Monday, November 23, 2015

Efficiency of hydroelectric turbines and HPP-Design

Many hydroelectric plants are evaluated according to the turbine’s performance, and many tenders are won (or lost…) for a 0,1% of efficiency. But how important is the efficiency in a hydroelectric power plant?
Talking about large size hydroelectric plants, performance is a crucial aspect, or possibly the only one. An efficiency increase of just 0,1% in a 100MW turbine causes an increase in the annual production at about 500 MWh / year, with a revenue increase of approximately $ 25,000 / year and $ 500,000 over 20 years of operation. For this reason, in large-scale hydropower plants advanced design solutions of the turbine are preferred, in order to achieve the maximum efficiency.

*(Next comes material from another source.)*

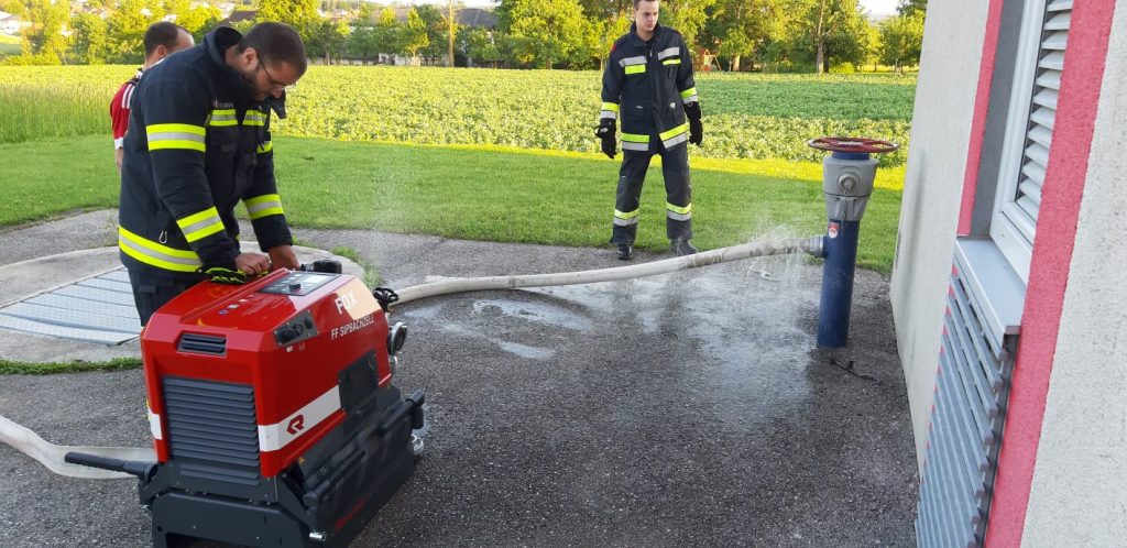 Durch die Lockerung der Covid-19-Einschränkungsmaßnahmen konnte der Übungsbetrieb der Feuerwehren unter besonderen Bedingungen wieder aufgenommen werden. So nutzten wir die Chance und stürzten uns gleich in die erste Einsatzübung „nach Corona“. Aufgeteilt in 2 Gruppen wurde am Mittwoch, den 27. Mai, sowie eine Woche darauf, am 3. Juni, dieselbe Übung abgehalten. Bearbeitete Themen waren die Handhabung unserer, im letzten Jahr angeschafften, Pumpe, kombiniert mit verschiedenen Arten des Löschangriffs, sowie Gerätekunde am TLF.

On the other side, for small hydropower plants, the achievement of the maximum efficiency is no longer aimed, since an efficiency increase does not always justify the increased costs of design and production of the turbine. With an efficiency increase of 0.1% in a 100 kW turbine, the power plant production increases at about 5000 kWh / year, with a revenue increase of about $ 25 / year and $ 500 over 20 years of operation. It is hence obvious that the economic sustainability of the most complex design and construction solutions for turbines is not justified by the achieved revenues.
Moreover, another extremely important aspect must be taken into account. Even disregarding the economic aspect (which is not at all negligible) and adopting advanced design and construction solutions, efficiency values ​​comparable with those of large-scale hydropower plants cannot be achieved anyway. The reason is related to internal machine losses and to the so-called “scaling factor". Without going into details about fluid mechanics and turbo-machinery design, it is possible to explain this concept in a simplified way.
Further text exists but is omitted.